What men want
Rather than summarizing my entire day, which was pretty unremarkable, I just want to tell one very short anecdote.
After I finished work around 19h00, I biked home and stopped at the Monoprix at the top of the hill near my place (near Goncourt) to buy some tomatoes for tonight’s curry and a few other things. As I headed towards the cash register, my path was crossed by a guy who was…well…pretty emphatically gay. I don’t mean he was especially feminine or limp-wristed, but rather that he had groomed and dressed himself into the epitome of the middle-aged Parisian gay man who claims to be “over” the scene while being totally in the scene: a meticulously-trimmed “oh, I just let this grow” three-day beard; buzz-cut hair that announces that he is balding gracefully; a simple navy blue knit scarf knotted at the throat; a brown leather motorcylist-style jacket to give his skinny frame the appearance of musculature; a discreet and solid-colored designer shirt; expensive designer jeans that are just tight enough to show off his ass; leather ankle boots with a low heel.

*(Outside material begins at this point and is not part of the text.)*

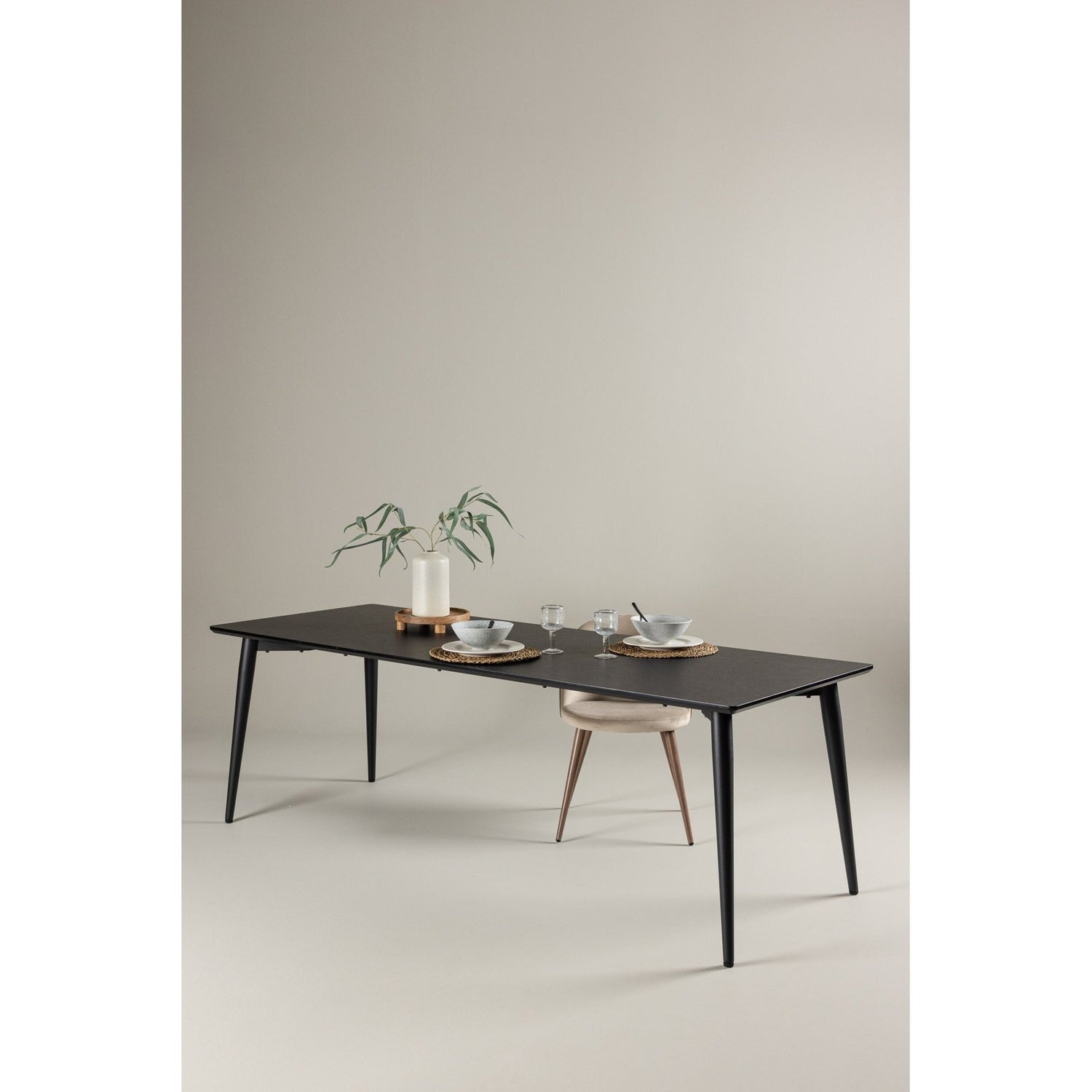 Utforsk Ellis - det robuste spisebordet som vil bli midtpunktet i spisemiljøet ditt. Ellis legger til en elegant og moderne touch til rommet ditt. Bordet er laget med stålben og en MDF-bordplate, og gir en perfekt balanse mellom holdbarhet og stil. Med generøse dimensjoner på 230x85 cm er Ellis-bordet perfekt for sosiale middager og sammenkomster med venner og familie. Dets solide konstruksjon og elegante design gjør det til et pålitelig møbelstykke egnet for enhver anledning. Enten du bruker det til å nyte en familiemiddag eller til å arrangere en fest, vil Ellis skape en trendy og stilig atmosfære i hjemmet ditt. Oppgrader spiseplassen din med det elegante og robuste spisebordet, Ellis.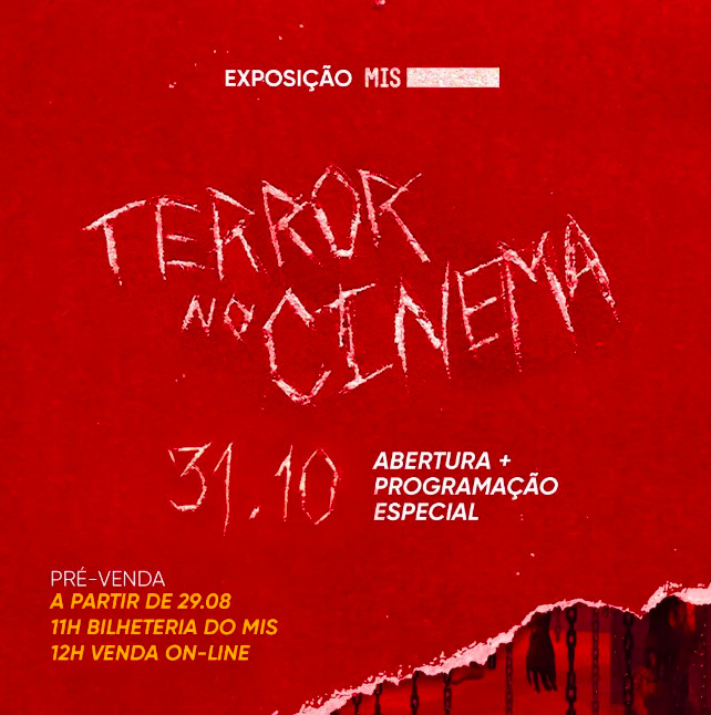 A pré-venda para os primeiros dias da exposição “Terror no cinema”, que chega ao MIS (instituição da Secretaria da Cultura, Economia e Indústria Criativas do Governo do Estado de São Paulo), no dia 31 de outubro, já está aberta. Os ingressos disponíveis são para os primeiros dias de visitação (31 de outubro a 04 de novembro), e podem ser adquiridos tanto na bilheteria física do MIS como pela plataforma INTI — link de vendas no perfil do Museu.

Anyway, I list all of this because he was broadcasting “gay” to me from the moment he entered my field of vision, and he was heading to the cash register with something small in his hand. He pulled into the aisle across from mine, so I could get a clear look at his purchases: two large packages of “personal lubricant.” We’re in a grocery store in a mixed-class ethnic area of town, surrounded by mommies and screaming children piling the cash registers with food and household items, and this dude plops down TWO boxes of lube as his only purchase.
The boy is buying in bulk, yo.
(Good for him if he’s going through lube that fast, though.)